Forcing staff to have a COVID jab could prove counterproductive

16th April 2021 about a 3 minute read
"For me, the scientific evidence in favour of vaccination is overwhelming, but the evidence in favour of making it compulsory is less convincing."

The government is launching a five week consultation over whether it should be a condition of employment that care home staff working with vulnerable elderly people have a COVID-19 vaccination.

This consultation is important. I don’t believe it’s right to force people to have a vaccine. I would also hope those providing care would choose to have this vaccine.

I’m pretty clear that mandating the vaccine is a step too far. We need to stick with persuasion to get staff on board with this. For one thing there’s no evidence that compulsion would achieve higher immunisation rates.

It could well lead to people quitting their jobs. It’s hard enough being a front line care worker as it is without being forced to have a COVID jab.

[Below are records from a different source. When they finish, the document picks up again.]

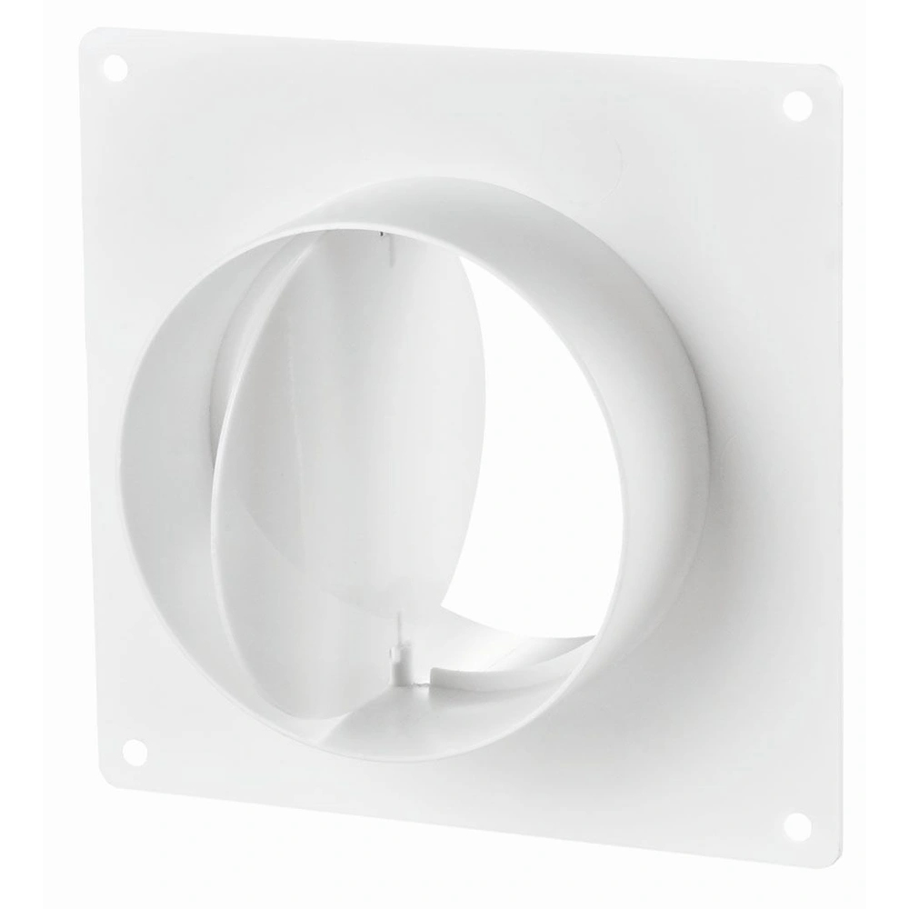 Alle ProduktinformationenRohr-Verbindungselement aus Polystyrol zur Montage von runden Lüftungsrohren. Die Anschlussplatte kann mit Schrauben an der Wand oder Decke befestigt werden. Die Rückstauklappe verhindert das Eindringen von Kaltluft.
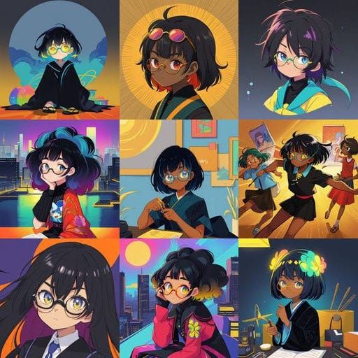 A stunning anime-style portrait of a young African woman, rendered in vibrant colors and cinematic lighting, with a focus on flat, cel-shaded art.
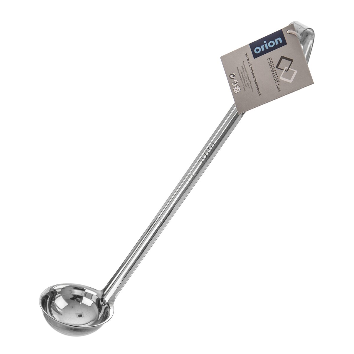 Kód produktu 140270Malá nerezová naberačka s dĺžkou 28 cm a priemerom 5,5 cm. Je zakončená háčikom na zavesenie.
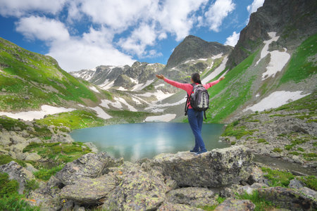 A journey man standing on a rock and look at mountains and lake. Freedom and Adventure concept

Many older people (including those in care homes) receive care from multi-agency staff and in different locations and settings. If vaccination is made compulsory for care home staff, what about NHS staff and domiciliary care workers who deal with elderly patients and clients? There’s little logic in only focusing on one staff group in relation to mandated vaccinations.

Logic and persuasion

Compulsion is too blunt an instrument. It is surely better to use logic and persuasion to achieve the desired result. Having said that the message does not seem to be getting through in some areas.

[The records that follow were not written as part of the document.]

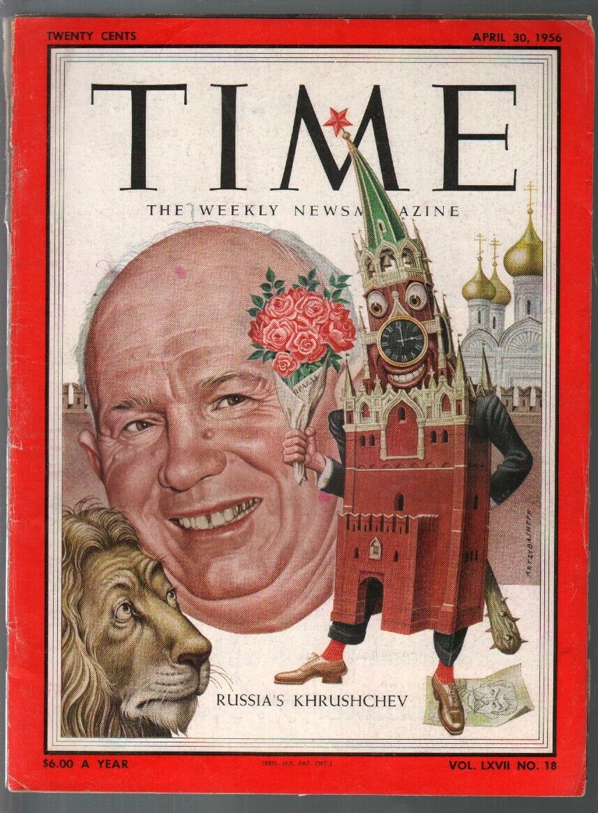 Time Issue: / Year: April 30 1956 Condition: VG-Nikita Khrushchev cover -Historic info & photos Publisher: TimeSku: U2-127-089 Over 100,000 mail orders processed! Buy with confidence.
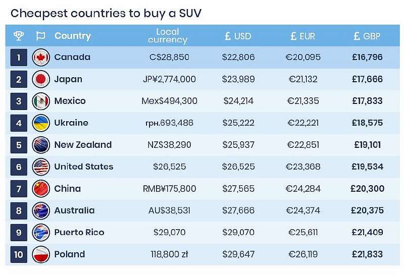 …в Канаде. Уехать из салона за рулем новенького Toyota RAV4 можно всего за 22 800$. На втором месте по дешевизне идет сама Япония, где эта модель стоит на 1100$ дороже. В топе оказалась и Украина: RAV4 тут стоит чуть больше 25 000$.
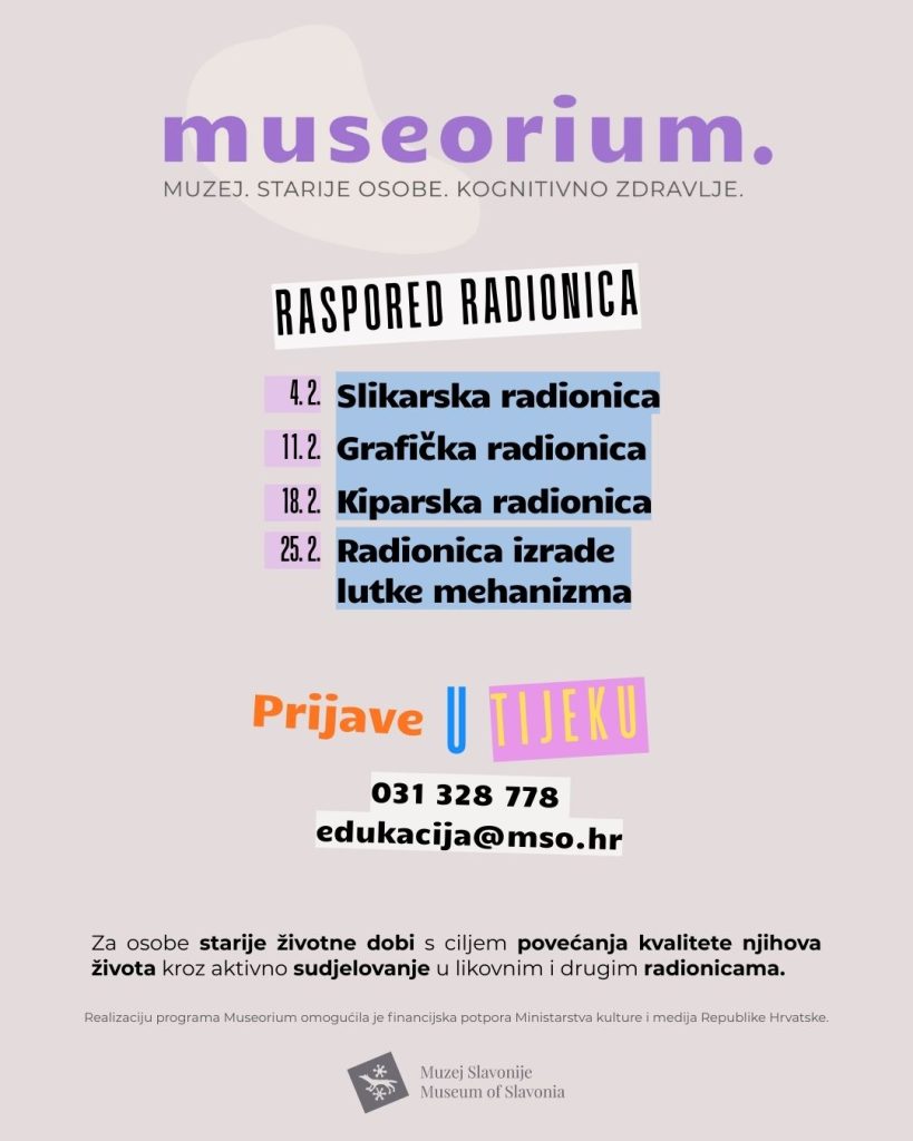 Muzej Slavonije nastavlja s programom Museorium – ciklusom likovnih i baštinskih radionica namijenjenim osobama starije životne dobi (60+) koje žele ostati aktivne, kreativne i uključene u kulturni život zajednice.

Latest figures suggest that about a quarter of care staff have not been vaccinated, rising to 40% in parts of London, Manchester and Luton.

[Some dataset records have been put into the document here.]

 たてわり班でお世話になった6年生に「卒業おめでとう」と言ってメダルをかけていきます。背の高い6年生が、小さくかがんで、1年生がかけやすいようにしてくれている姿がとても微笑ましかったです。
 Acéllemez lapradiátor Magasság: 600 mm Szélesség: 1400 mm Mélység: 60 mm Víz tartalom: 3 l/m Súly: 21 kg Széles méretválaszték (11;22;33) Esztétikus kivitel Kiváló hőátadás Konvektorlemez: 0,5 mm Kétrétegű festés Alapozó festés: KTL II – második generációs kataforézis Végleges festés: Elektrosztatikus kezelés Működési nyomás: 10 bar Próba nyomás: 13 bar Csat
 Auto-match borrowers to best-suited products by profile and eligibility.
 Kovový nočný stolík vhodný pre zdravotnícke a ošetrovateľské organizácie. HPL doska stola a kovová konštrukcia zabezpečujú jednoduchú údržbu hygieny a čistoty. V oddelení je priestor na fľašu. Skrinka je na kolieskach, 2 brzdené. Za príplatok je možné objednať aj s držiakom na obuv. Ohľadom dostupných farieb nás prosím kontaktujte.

Data released last month for the London borough of Lambeth revealed that only 43% of care home workers have been vaccinated. That is the lowest rate of any borough in England. According to SAGE 80% of staff and 90% of residents need to be vaccinated to achieve herd immunity. Statistics like that highlight why the Government is considering drastic action.

Some ministers – for example the health secretary – still lean towards the idea of compulsion for staff. Matt Hancock has spoken about the duty of care on the part of the workforce not to pass on the disease to vulnerable clients.

But there is opposition to the idea. The National Care Forum’s Vic Rayner has highlighted fears over the potential to drive people out of the profession. And of course there’s a danger it could lead to protracted legal wrangles from staff who lose their jobs.

The way the government handles this consultation exercise is vital and it’s important that those responding are listened to. I would urge people to have their say.

For me, the scientific evidence in favour of vaccination is overwhelming, but the evidence in favour of making it compulsory is less convincing.